Not the most elegant - but is a combination of a few answers - something like this will work:
d=2020-01-01
end_date=2020-02-03
while [ "$d" != $end_date ]; do
d2=$(date -I -d "$d - 1 day")
d=$(date -I -d "$d + 1 day")
echo $d2
echo $d
find -type f -newerct "${d2}" ! -newerct "${d}" -printf "%T# %Tc %p\n" | sort -n | tail -n +2 | awk '{print $9}' | xargs rm
done
I'd suggest adding paths and hashing out the xargs rm bit (just to print and double check what you're removing).
There's probably a more elegant way to do this other than the print stuff but it works.

For common filenames
find /some_folder/ -name "file_prefix*" -mtime +30 -printf '%TD %TT %p\n' |
sort |
awk '{if ($1==prevdate) print $3; prevdate=$1}' |
xargs rm
The find command will print %TD %TT %p, i.e. the last modification date followed by the last modification time and then the filepath (folder and filename).
The list is sorted by sort. Because of the date/time/filepath structure, this will sort by date then time so that the oldest files are printed first, which is important afterward.
awk parses each line and calls {if ($1==prevdate) print $3; prevdate=$1}. Because of the date/time/filepath structure, the date is $1, the time is $2 and the filepath is $3. This prints the filepath whenever the date if similar to the previously parsed date.
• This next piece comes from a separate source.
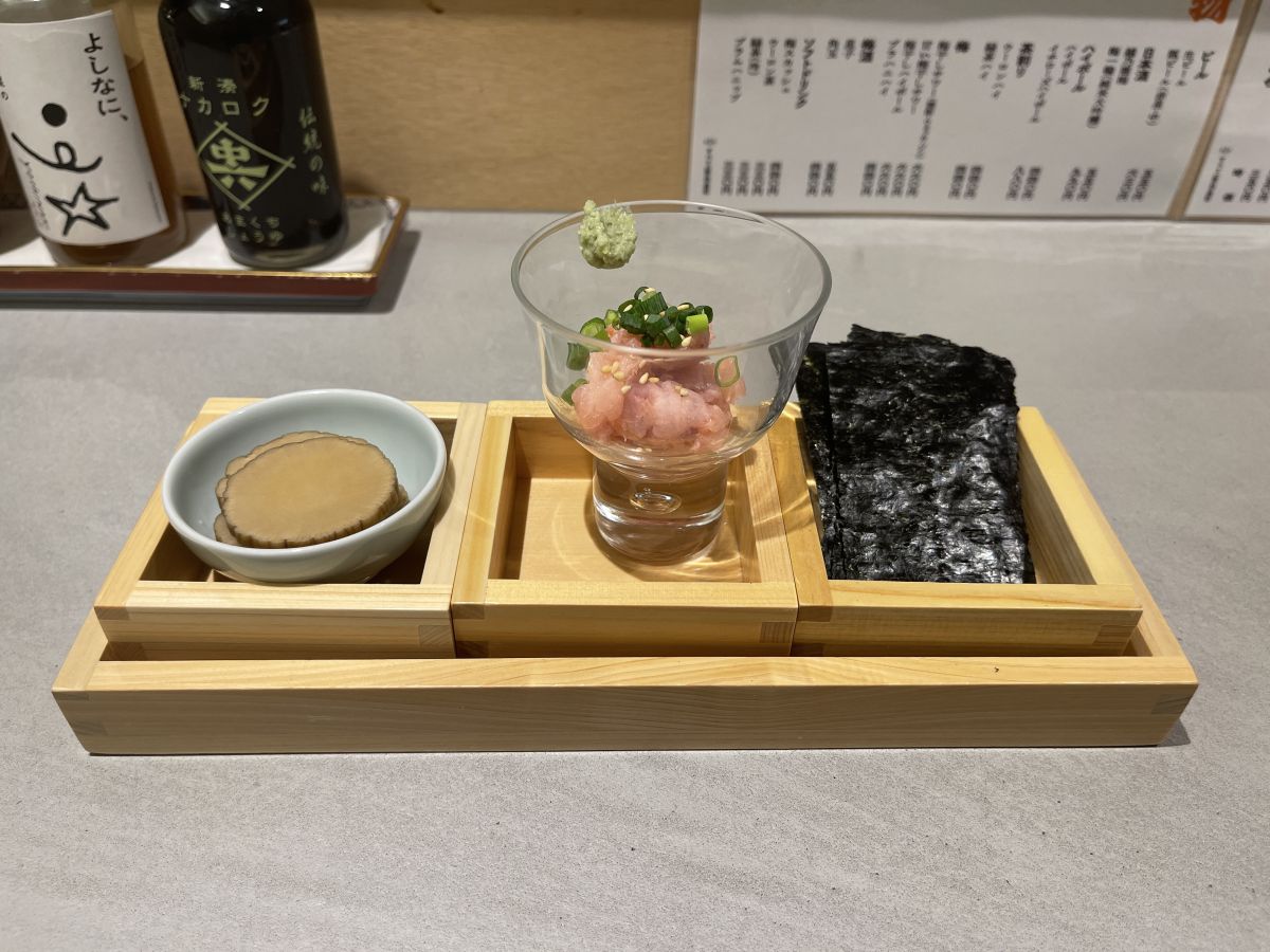 「毘沙門天」のおともの「海苔・ネギトロ・いぶりがっこ」は、おしゃれな枡に入って登場。おともは七福神のように全員が大当たりということで、どれが当たってもワクワクするような組み合わせにしているそう。ちなみに、苦手なものが当たってしまった場合は引き直しできるので安心です。

So, the first file of the day is not printed out because its date differs from the date of the previous day, and all subsequent files of the same day are printed. Please note that prevdate is initially unassigned which is roughly equivalent to the null string. You can call this if you find it more readable:
awk 'BEGIN{prevdate=""} {if ($1==prevdate) print $3; prevdate=$1}'
Finally, xargs rm will call rm for each line from the standard input which, at this moment, contains the list of files printed by awk.
Handling spaces
If your filenames contain space characters, the solution can be slightly adjusted:
find /some_folder/ -name "file_prefix*" -mtime +30 -printf '%TD %TT %p\n' |
sort |
awk '{if ($1==prevdate) print; prevdate=$1}' |
cut -d ' ' -f3- |
xargs rm
awk prints the whole line instead of printing the filepath only, then the filename is extracted with cut -d ' ' -f3- before calling xargs rm.
Handling weird filenames
The above solutions do not work with filenames containing newlines and possibly won’t work with backslashes either.
I assume you won’t run into these issues because if you want to clean up the directory, chances are you already know what’s inside this directory, and these are probably log files or other type of files created automatically.
However, should you need to handle all types of filenames, the command below will do the trick:
unset prevdate currentdate filepath
find /some_folder/ -name "file_prefix*" -mtime +30 -printf '%TD %TT %p\0' |
sort -z |
while IFS= read -r -d '' line
do
currentdate=${line%% *}
if [ "$currentdate" = "$prevdate" ]
then
filepath=$(cut -d ' ' -f3- <<< $line)
rm -- "$filepath"
fi
prevdate=$currentdate
done
It behaves essentially like the initial solution but strings are separated by the null character (which is a forbidden character in a filename) instead of the traditional newline separation.
find outputs results with %TD %TT %p\0 instead of %TD %TT %p\n which means results are null-separated, then sort -z makes use of this null-separated result, and finally the while loop is a rewrite of the awk script, but makes use of null-separated strings (which is almost impossible to do with awk). There is no call to xargs rm because rm is called directly inside the while loop.
While the ability to handle all types of filenames is tempting, please note that this solution is significantly less efficient than the other solutions. The code that I wrote is non-optimal for educational purposes, but it would still be slower even if I optimized it.
Same date and time
If several "first file of the day" occur at the exact same time within a same day, it will only skip the first file with the "lowest" file path, i.e. sorted by its alphanumeric characters. If you want to keep all first files of the day with the exact same time, this is slightly more complicated but this is doable.

Related

How to use GNU find command to find files by pattern and list files in order of most recent modification to least?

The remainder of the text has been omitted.